Determined to take action in 2018 to strengthen its marketplace, New Jersey's incoming governor and Democratic majority legislature had a choice: bolster subsidies for those who were already subsidy eligible, or take action to reduce premiums for the unsubsidized. A state individual mandate was expected effectively to help both markets -- and also to raise about $100 million per year. That money could have been used to "wrap" state premium (or cost sharing) subsidies around the federal ones, as Massachusetts and Vermont have done (and as California and Washington will do going forward).

But opting for a federal reinsurance program waiver leveraged the state cash available by adding an estimated $210 million federal dollars to the pot (reduced by CMS after enrollment season to $180 million). That's because CMS has invited waiver proposals seeking federal funding for reinsurance programs, which, by reducing premiums, reduce federal subsidies: the projected savings are "passed through" to states.

New Jersey went for the federal gold -- and the results appear to illustrate the tradeoff. Minus reinsurance, premiums would be about 15% higher. If off-exchange enrollment performance had matched Kaiser's estimate for the nation, off-exchange enrollment might be down about 17,000 from its current mark.
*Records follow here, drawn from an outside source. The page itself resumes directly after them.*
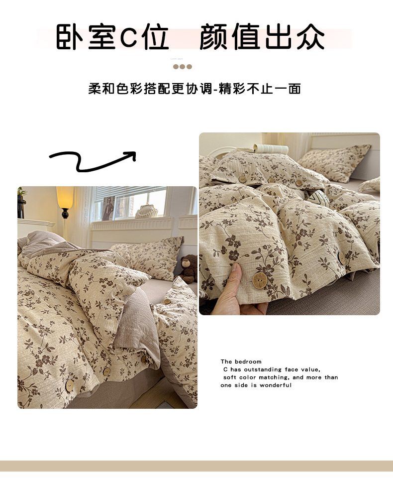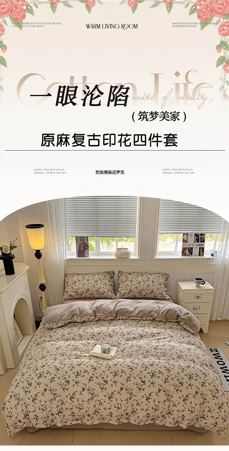 当前位置: 91家纺网 > 商品网购 > 床品套件 > 四件套 > 其它四件套 > 水墨江南 2025新款原麻复古印花纽扣款四件套 暗香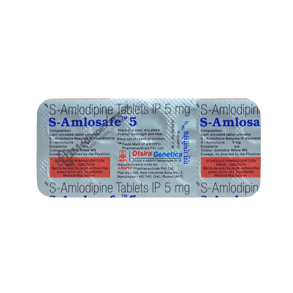S Amlosafe 5mg Tablet 10'S is used to treat essential hypertension (abnormally high blood pressure caused primarily by obesity, family history, or a poor diet), angina pectoris, and other conditions (type of chest pain due to reduced blood flow to the heart). Patients with specific heart conditions should not use S Amlosafe 5mg Tablet 10'S. In patients with liver and kidney disease, S Amlosafe 5mg Tablet 10'S should be used with caution. Only if specifically recommended by a doctor may pregnant or nursing women use S AMLOSAFE. Consult your doctor before taking S AMLOSAFE as it should be taken with caution in older individuals. Headaches, nausea, and abdominal pain are the most frequent side effects of S Amlosafe 5mg Tablet 10'S. Disclaimer:For more information contact your physician.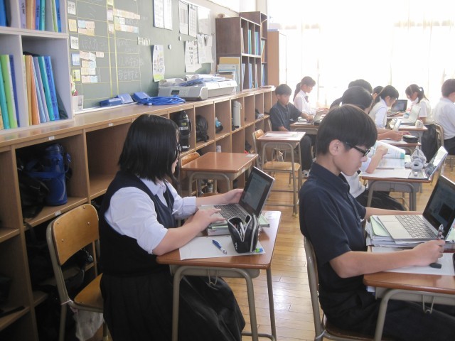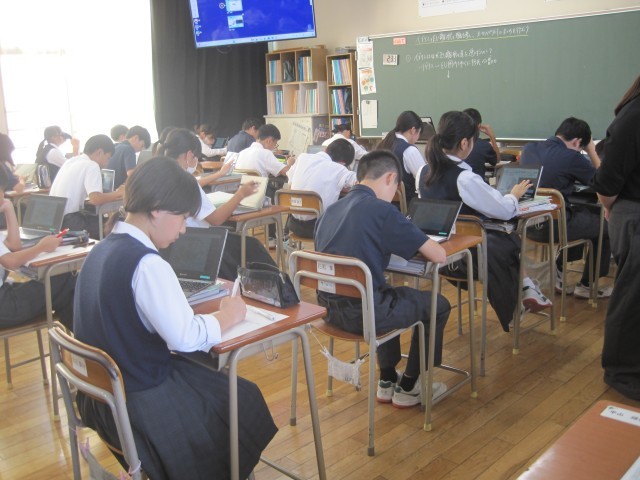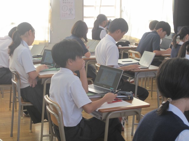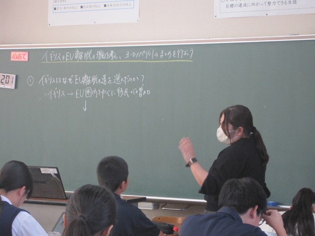 1年2組の社会の授業では、イギリスのEU離脱を考え、ヨーロッパ州のまとめをしました。タブレット上で配付された資料をもとに、自分の考えをまとめました。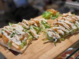 Fresh romaine lettuce & sliced chicken cutlet topped with our own creamy Caesar dressing.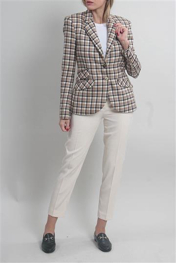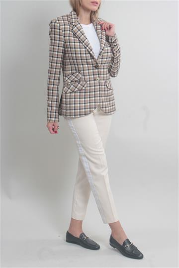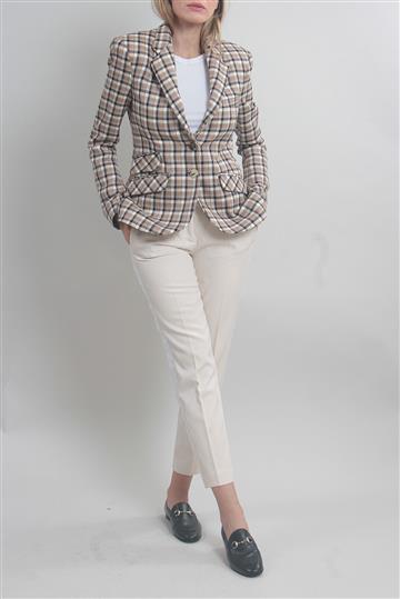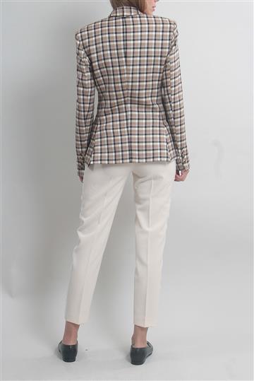 - Decote alongado em 'V' com lapelas de pontas duplas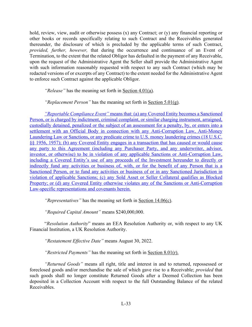 L-33 hold, review, view, audit or otherwise possess (x) any Contract; or (y) any financial reporting or other books or records specifically relating to such Contract and the Receivables generated thereunder, the disclosure of which is precluded by the applicable terms of such Contract, provided, further, however, that during the occurrence and continuance of an Event of Termination, to the extent that the related Obligor has defaulted in the payment of any Receivable, upon the request of the Administrative Agent the Seller shall provide the Administrative Agent with such information reasonably requested with respect to any such Contract (which may be redacted versions of or excerpts of any Contract) to the extent needed for the Administrative Agent to enforce such Contract against the applicable Obligor. “Release” has the meaning set forth in Section 4.01(a). “Replacement Person” has the meaning set forth in Section 5.01(g). “Reportable Compliance Event” means that: (a) any Covered Entity becomes a Sanctioned Person, or is charged by indictment, criminal complaint, or similar charging instrument, arraigned, custodially detained, penalized or the subject of an assessment for a penalty, by, or enters into a settlement with an Official Body in connection with any Anti-Corruption Law, Anti-Money Laundering Law or Sanctions, or any predicate crime to U.S. money laundering crimes (18 U.S.C. §§ 1956, 1957); (b) any Covered Entity engages in a transaction that has caused or would cause any party to this Agreement (including any Purchaser Party, and any underwriter, advisor, investor, or otherwise) to be in violation of any applicable Sanctions or Anti-Corruption Law, including a Covered Entity’s use of any proceeds of the Investment hereunder to directly or indirectly fund any activities or business of, with, or for the benefit of any Person that is a Sanctioned Person, or to fund any activities or business of or in any Sanctioned Jurisdiction in violation of applicable Sanctions; (c) any Sold Asset or Seller Collateral qualifies as Blocked Property; or (d) any Covered Entity otherwise violates any of the Sanctions or Anti-Corruption Law-specific representations and covenants herein. “Representatives” has the meaning set forth in Section 14.06(c). “Required Capital Amount” means $240,000,000. “Resolution Authority” means an EEA Resolution Authority or, with respect to any UK Financial Institution, a UK Resolution Authority. “Restatement Effective Date” means August 30, 2022. “Restricted Payments” has the meaning set forth in Section 8.01(r). “Returned Goods” means all right, title and interest in and to returned, repossessed or foreclosed goods and/or merchandise the sale of which gave rise to a Receivable; provided that such goods shall no longer constitute Returned Goods after a Deemed Collection has been deposited in a Collection Account with respect to the full Outstanding Balance of the related Receivables.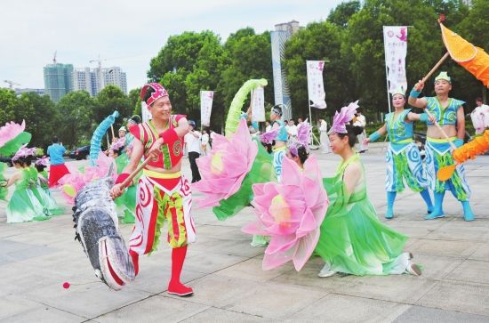 《龙晒衣》《幸福歌》《车水情歌》等一首首荆楚民歌,以其浓郁的地域方言活动现场,“五虾闹鲇”非遗展演欢乐上演。(潘路摄)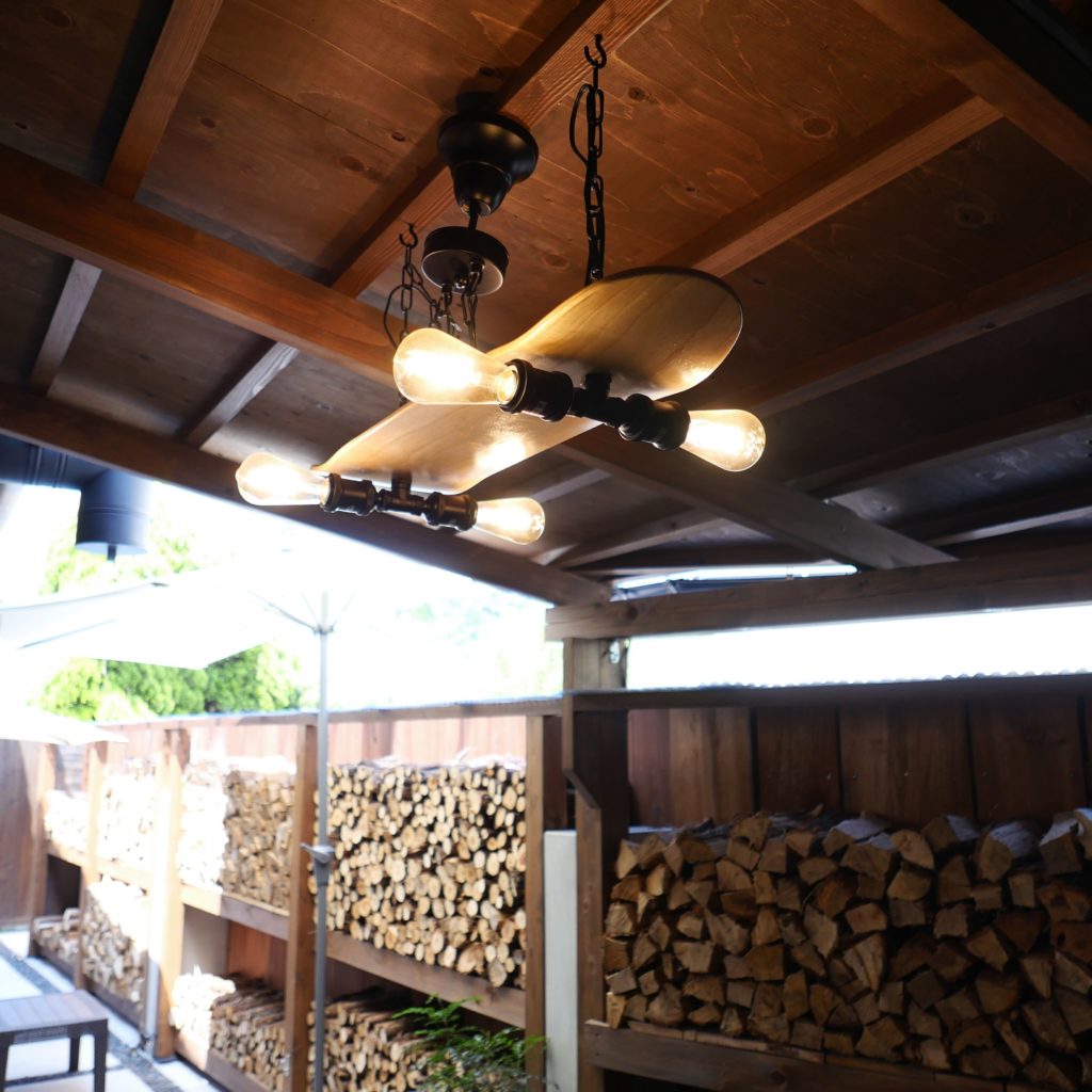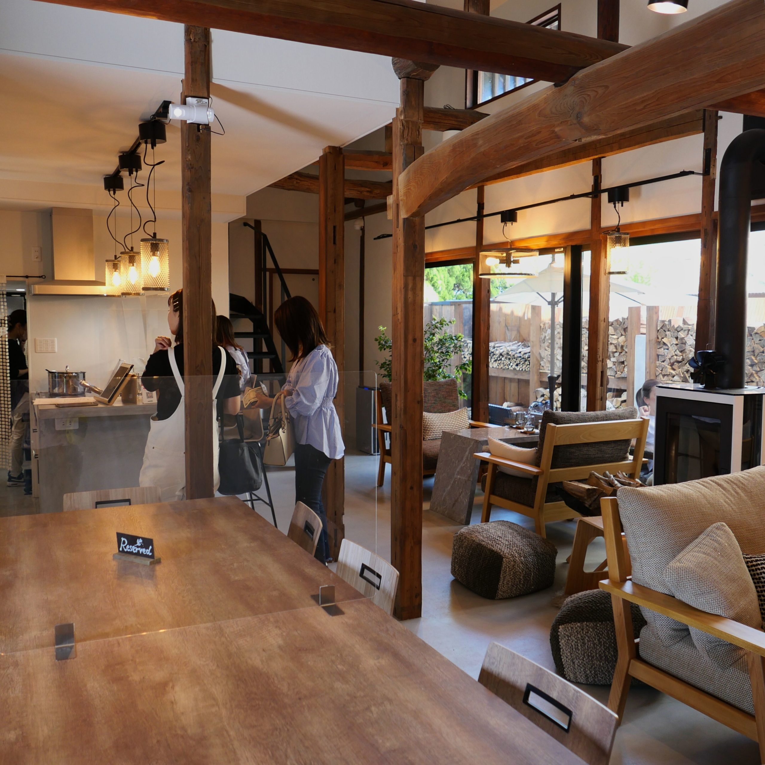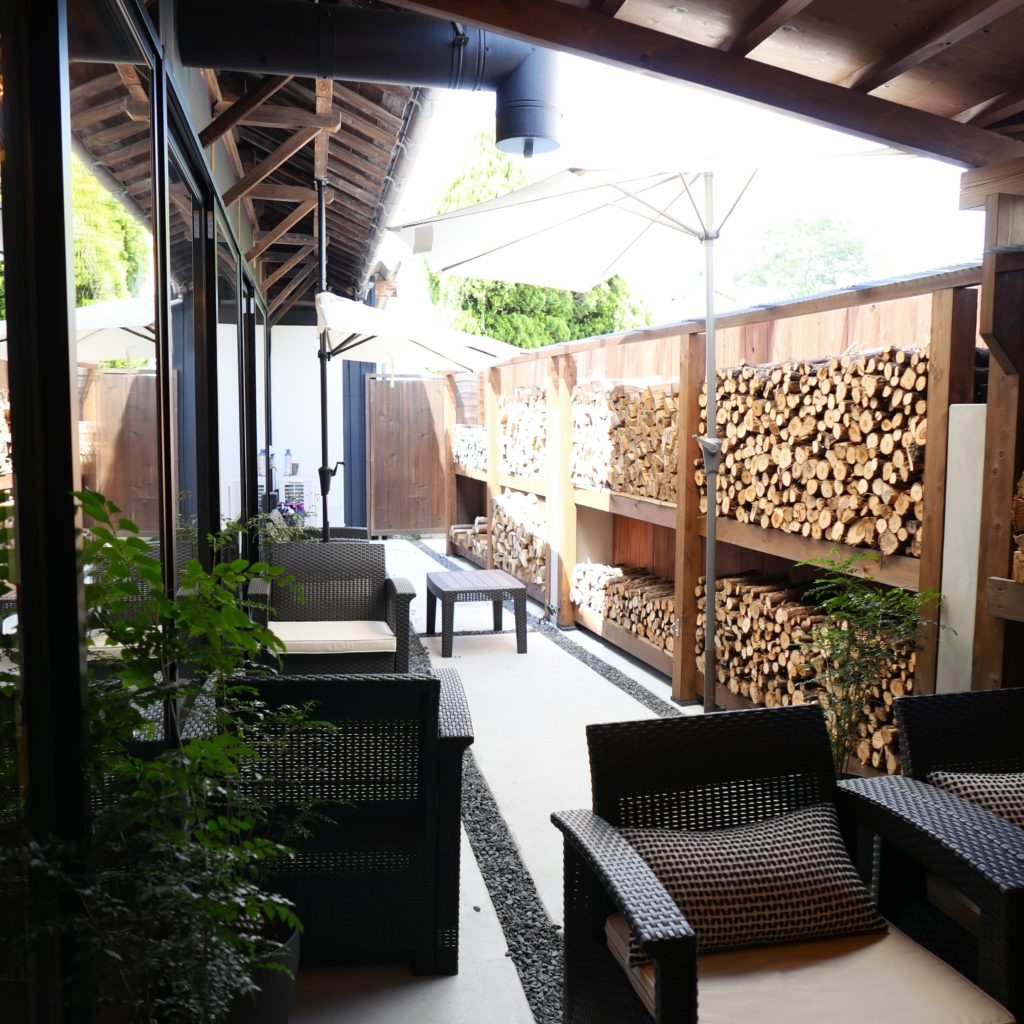 店内は清潔で明るく、薪ストーブが中央に設置され、テラスに薪が所狭しと並べられていた。

On-exchange enrollment, meanwhile, is down about 13,000-14,000 from Q1 2018.

The choice -- and the tradeoff -- illustrates a major ACA design flaw. If subsidies were adequate -- that is, if benchmark plans were truly affordable, and offered coverage with affordable out-of-pocket exposure -- price spreads wouldn't matter so much: larger-than-normal discounts relative to the benchmark would be so much gravy. As things stand, state lawmakers have to choose which constituency to serve -- moderately affluent people who find coverage unaffordable (imagine earning $50k and paying $1000 per month, as older enrollees sometimes must), or low income people who find subsidized coverage too rich for their blood (imagine earning $30k and looking at a plan with a $3,000 deductible at $200 per month).

New Jersey made a choice -- possibly not optimal, but defensible. Further state efforts to strengthen the market -- e.g., a state-run marketplace that will deploy insurer contribution fees to boost advertising and enrollment assistance -- are forthcoming.

Related:
Is New Jersey's unsubsidized marketplace enrollment migrating off-exchange? (12/12/18)
New Jersey's Disappointing 2019 ACA enrollment: Some perspective (1/4/19)
New Jersey's off-exchange enrollment rose in 2019: Did cheap off-ex silver help? (6/18/19)

--
Silver loading is the byproduct of Trump's October 2017 cutoff of direct federal reimbursement to insurers for the Cost Sharing Reduction (CSR) subsidies they are required to provide to low income marketplace enrollees who select silver plans. Faced with the cutoff at the brink of open enrollment for 2018, most state insurance departments allowed or encouraged insurers to price CSR into silver premiums only. Since premium subsidies, designed so that the enrollee pays a fixed percentage of income, are set to a silver plan benchmark, inflated silver premiums create discounts for subsidized buyers in bronze and gold plans. States that refused to expand Medicaid have a heavier "silver load," because eligibility for marketplace subsidies, and so for the highest level of CSR, begins at 100% FPL in those states, as opposed to 138% FPL in expansion states.